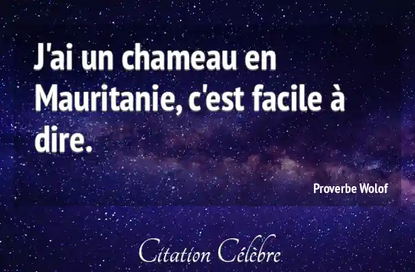 J'ai un chameau en Mauritanie, c'est facile à dire.
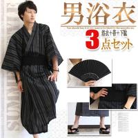 浴衣 メンズ おまかせ雪駄付3点セット紳士しじら織浴衣ワンタッチ帯付 M L LL 3カラー 4,212円 |
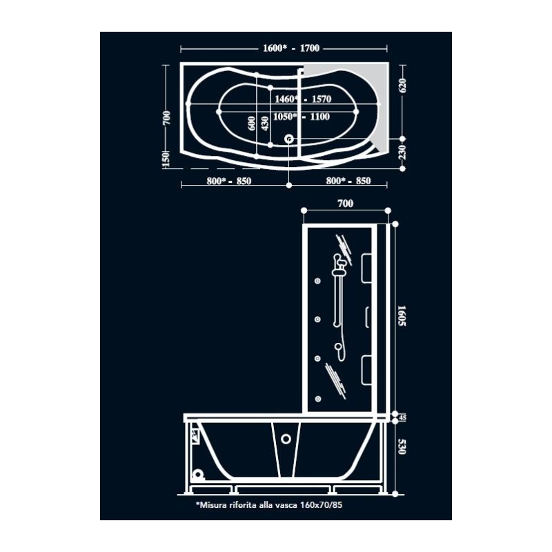 N.B. La foto è da considerarsi puramente indicativa. Rubinetteria, cuscino e profili cromo non compresi nel prezzo, da richiedere separatamente.
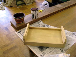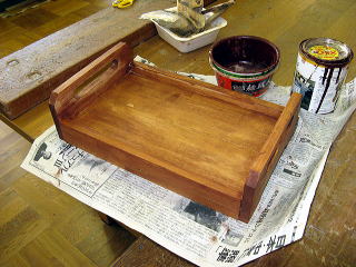 1年生の授業も全て終了し、全員の塗装を終えることができた。 自分がサンプルに作ったお盆を塗装してみた。
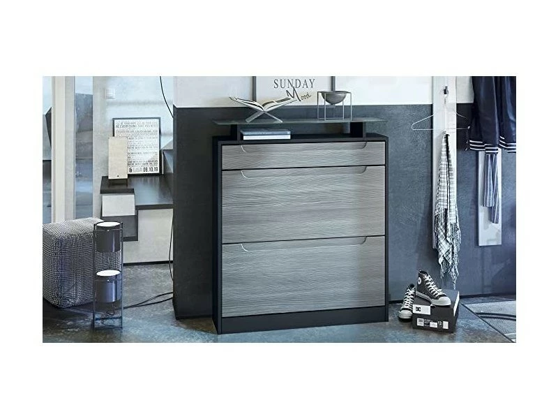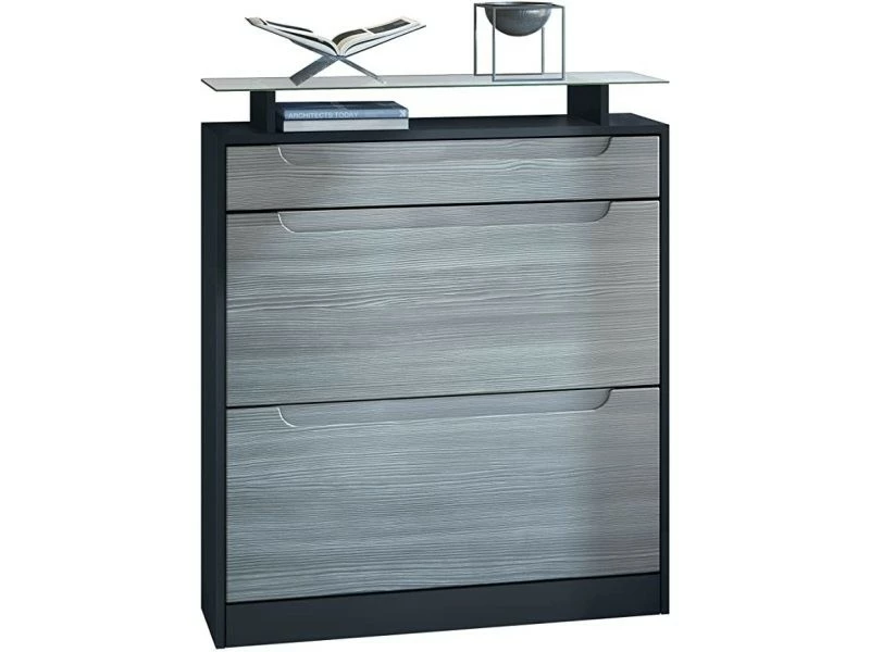 Meuble de rangement : Avec sa tablette en verre, cette armoire à chaussures ingénieuse comprend 2 clapets avec doubles supports à chaussures accueillant jusqu’à 16 paires de chaussures et divers accessoires. Ouverture : L’étagère à chaussures est munie de discrètes poignées argent. Pour un maniement aisé, les tiroirs de la commode sont montés sur des rails télescopiques en métal qui glissent silencieusement. Design : Le caisson de la commode à chaussures en Noir mat et les façades et poignées Avola anthracite mat créent une ambiance moderne et chaleureuse. Matériaux : Les façades en MDF stratifié et le caisson en panneaux agglomérés avec revêtement mélaminé en font un meuble à la fois léger et facile d’entretien. Contenu de la livraison : La livraison comprend le meuble à chaussure, la tablette en verre, le matériel de montage, et la notice. Dimensions du meuble rangement pour chaussures en cm (LxHxP) : 89 x 104 x 23

▶ [TO DO]
When a record holds a picture, leave that picture out; copy the rest verbatim.

▶ [EXERCISE OUTPUT]
 J'ai un chameau en Mauritanie, c'est facile à dire.
 浴衣 メンズ おまかせ雪駄付3点セット紳士しじら織浴衣ワンタッチ帯付 M L LL 3カラー 4,212円 |
 N.B. La foto è da considerarsi puramente indicativa. Rubinetteria, cuscino e profili cromo non compresi nel prezzo, da richiedere separatamente.
 1年生の授業も全て終了し、全員の塗装を終えることができた。 自分がサンプルに作ったお盆を塗装してみた。
 Meuble de rangement : Avec sa tablette en verre, cette armoire à chaussures ingénieuse comprend 2 clapets avec doubles supports à chaussures accueillant jusqu’à 16 paires de chaussures et divers accessoires. Ouverture : L’étagère à chaussures est munie de discrètes poignées argent. Pour un maniement aisé, les tiroirs de la commode sont montés sur des rails télescopiques en métal qui glissent silencieusement. Design : Le caisson de la commode à chaussures en Noir mat et les façades et poignées Avola anthracite mat créent une ambiance moderne et chaleureuse. Matériaux : Les façades en MDF stratifié et le caisson en panneaux agglomérés avec revêtement mélaminé en font un meuble à la fois léger et facile d’entretien. Contenu de la livraison : La livraison comprend le meuble à chaussure, la tablette en verre, le matériel de montage, et la notice. Dimensions du meuble rangement pour chaussures en cm (LxHxP) : 89 x 104 x 23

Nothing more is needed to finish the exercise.